» Brief
Below are entries; copy exactly, and only, the lines from the one containing "This appliance works" through their final line, leaving out pictures.
---
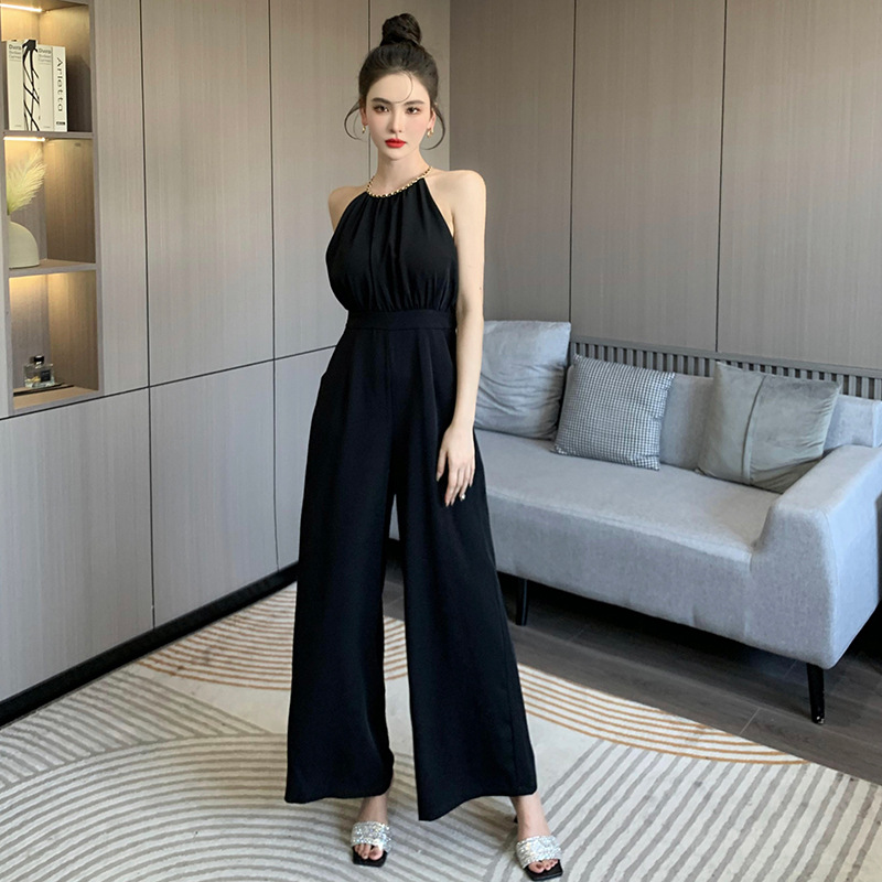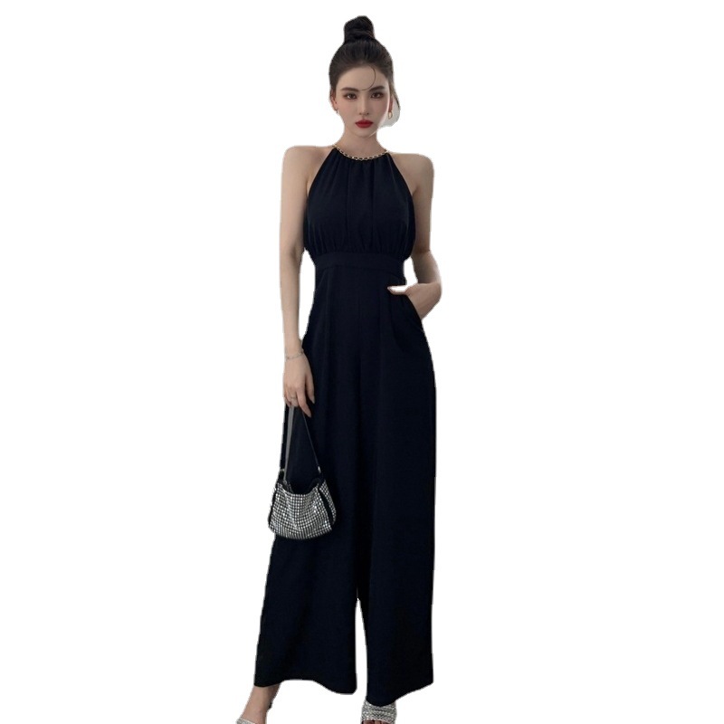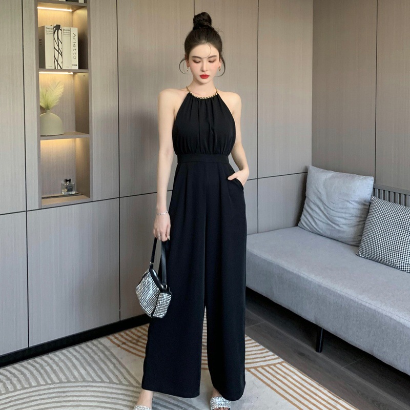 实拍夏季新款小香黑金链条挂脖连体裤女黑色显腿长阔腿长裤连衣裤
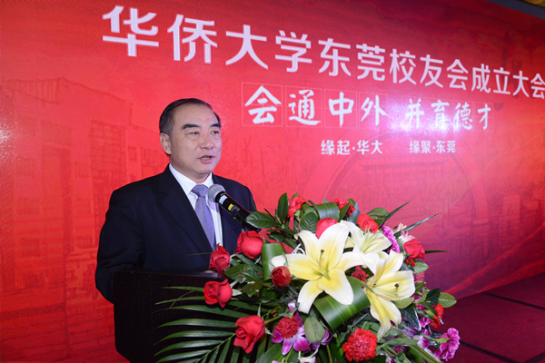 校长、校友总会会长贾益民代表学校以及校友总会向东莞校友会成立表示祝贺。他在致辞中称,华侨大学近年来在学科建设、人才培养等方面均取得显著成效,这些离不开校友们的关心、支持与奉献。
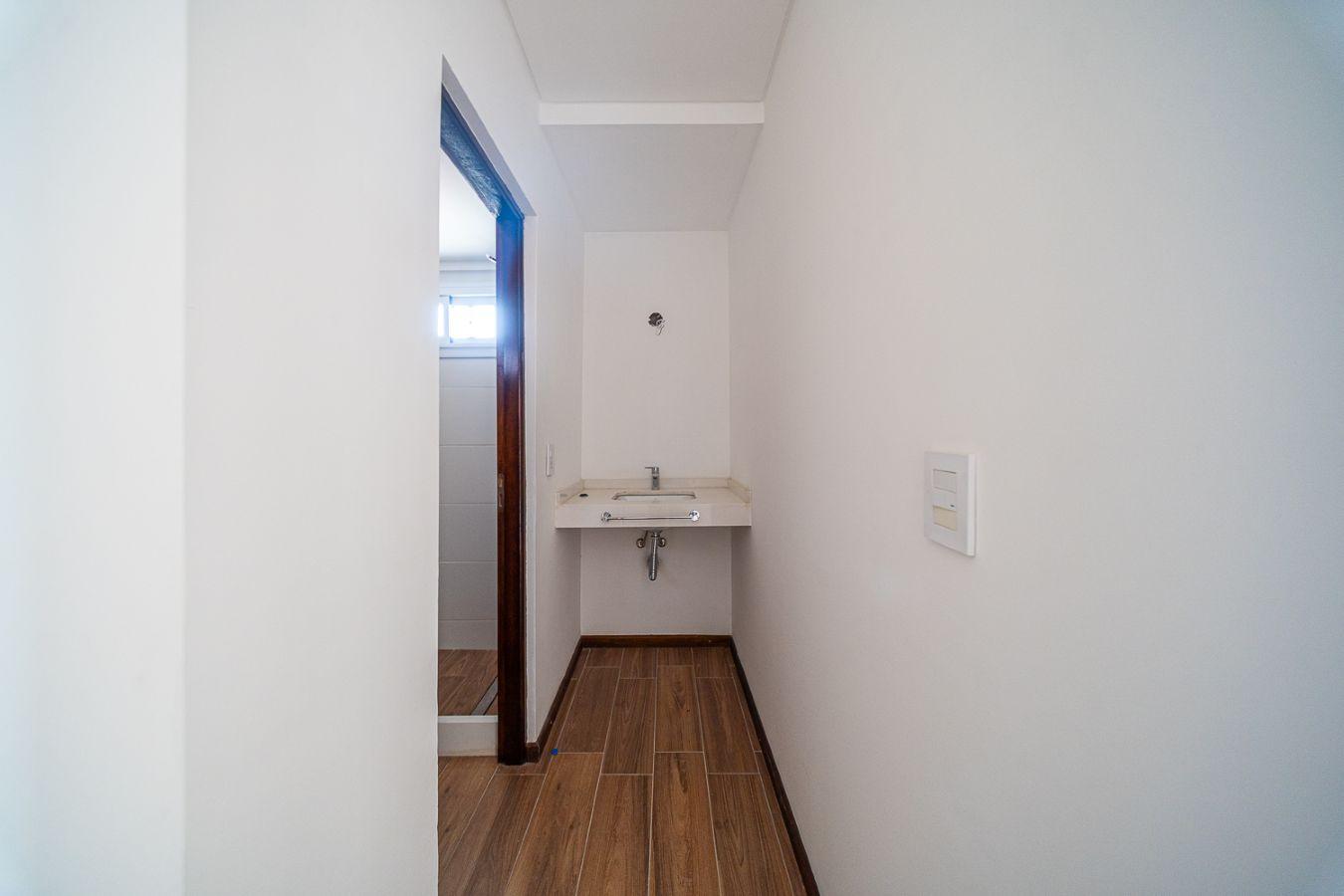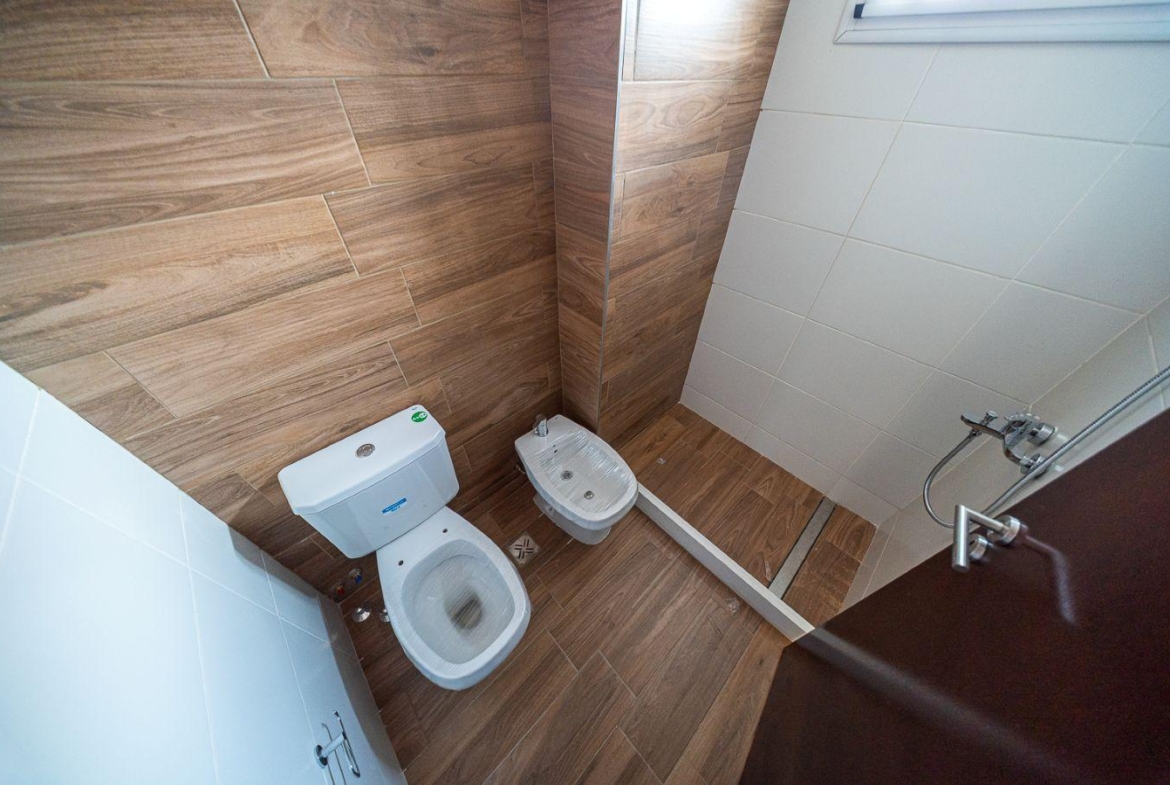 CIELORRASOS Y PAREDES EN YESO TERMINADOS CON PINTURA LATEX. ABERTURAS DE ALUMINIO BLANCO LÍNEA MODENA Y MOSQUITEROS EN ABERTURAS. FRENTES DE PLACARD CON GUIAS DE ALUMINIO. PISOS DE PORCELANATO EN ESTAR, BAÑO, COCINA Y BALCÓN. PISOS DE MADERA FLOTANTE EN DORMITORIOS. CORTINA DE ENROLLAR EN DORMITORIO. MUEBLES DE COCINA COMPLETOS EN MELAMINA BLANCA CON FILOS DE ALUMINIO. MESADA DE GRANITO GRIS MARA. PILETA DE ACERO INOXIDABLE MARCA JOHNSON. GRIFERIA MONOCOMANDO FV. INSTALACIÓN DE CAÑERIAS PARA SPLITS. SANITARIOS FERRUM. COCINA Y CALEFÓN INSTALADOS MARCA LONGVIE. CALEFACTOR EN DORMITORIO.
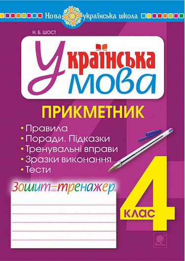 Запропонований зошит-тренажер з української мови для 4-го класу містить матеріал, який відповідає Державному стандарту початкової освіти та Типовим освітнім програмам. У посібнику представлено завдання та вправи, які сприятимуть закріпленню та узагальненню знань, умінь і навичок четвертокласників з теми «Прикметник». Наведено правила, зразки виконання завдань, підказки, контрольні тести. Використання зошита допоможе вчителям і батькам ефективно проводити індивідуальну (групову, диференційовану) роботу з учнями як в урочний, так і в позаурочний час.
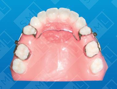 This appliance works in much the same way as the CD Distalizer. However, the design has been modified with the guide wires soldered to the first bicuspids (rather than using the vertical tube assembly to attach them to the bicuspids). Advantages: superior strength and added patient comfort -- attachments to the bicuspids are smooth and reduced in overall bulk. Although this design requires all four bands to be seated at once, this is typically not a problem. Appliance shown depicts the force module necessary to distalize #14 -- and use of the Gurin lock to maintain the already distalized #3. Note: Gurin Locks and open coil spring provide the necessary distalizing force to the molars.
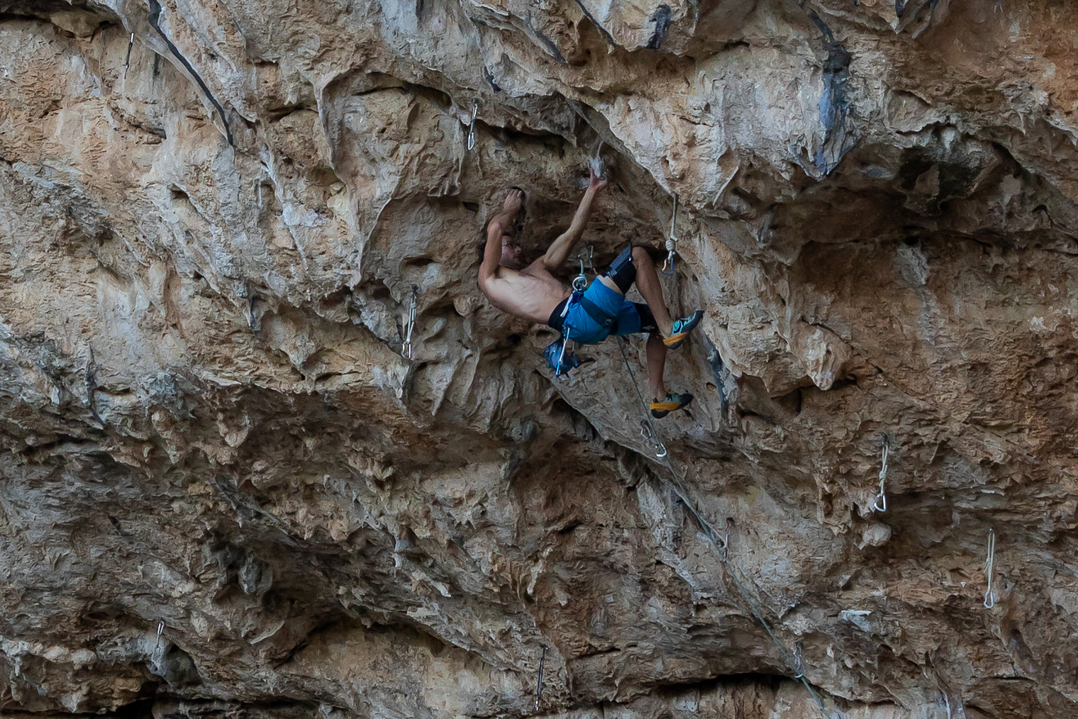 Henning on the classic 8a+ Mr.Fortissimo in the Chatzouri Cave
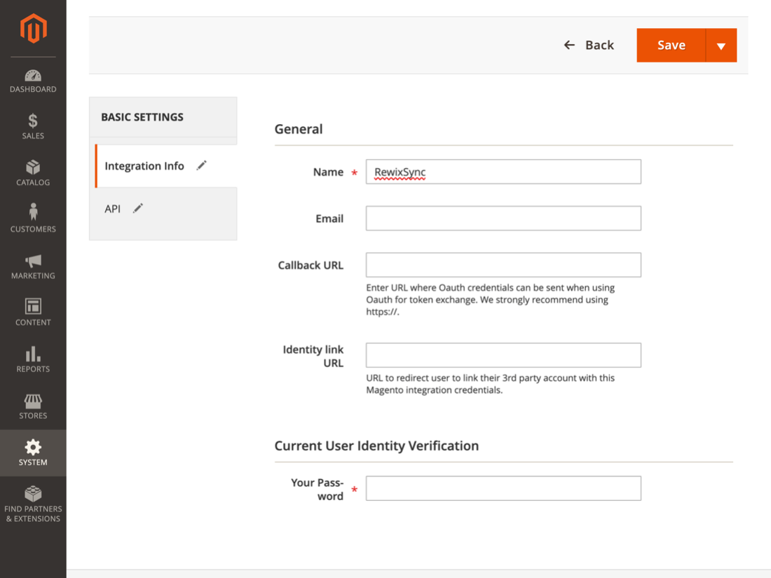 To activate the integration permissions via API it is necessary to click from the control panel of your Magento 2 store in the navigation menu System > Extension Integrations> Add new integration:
---
» Solution to the exercise
 This appliance works in much the same way as the CD Distalizer. However, the design has been modified with the guide wires soldered to the first bicuspids (rather than using the vertical tube assembly to attach them to the bicuspids). Advantages: superior strength and added patient comfort -- attachments to the bicuspids are smooth and reduced in overall bulk. Although this design requires all four bands to be seated at once, this is typically not a problem. Appliance shown depicts the force module necessary to distalize #14 -- and use of the Gurin lock to maintain the already distalized #3. Note: Gurin Locks and open coil spring provide the necessary distalizing force to the molars.
 Henning on the classic 8a+ Mr.Fortissimo in the Chatzouri Cave
 To activate the integration permissions via API it is necessary to click from the control panel of your Magento 2 store in the navigation menu System > Extension Integrations> Add new integration:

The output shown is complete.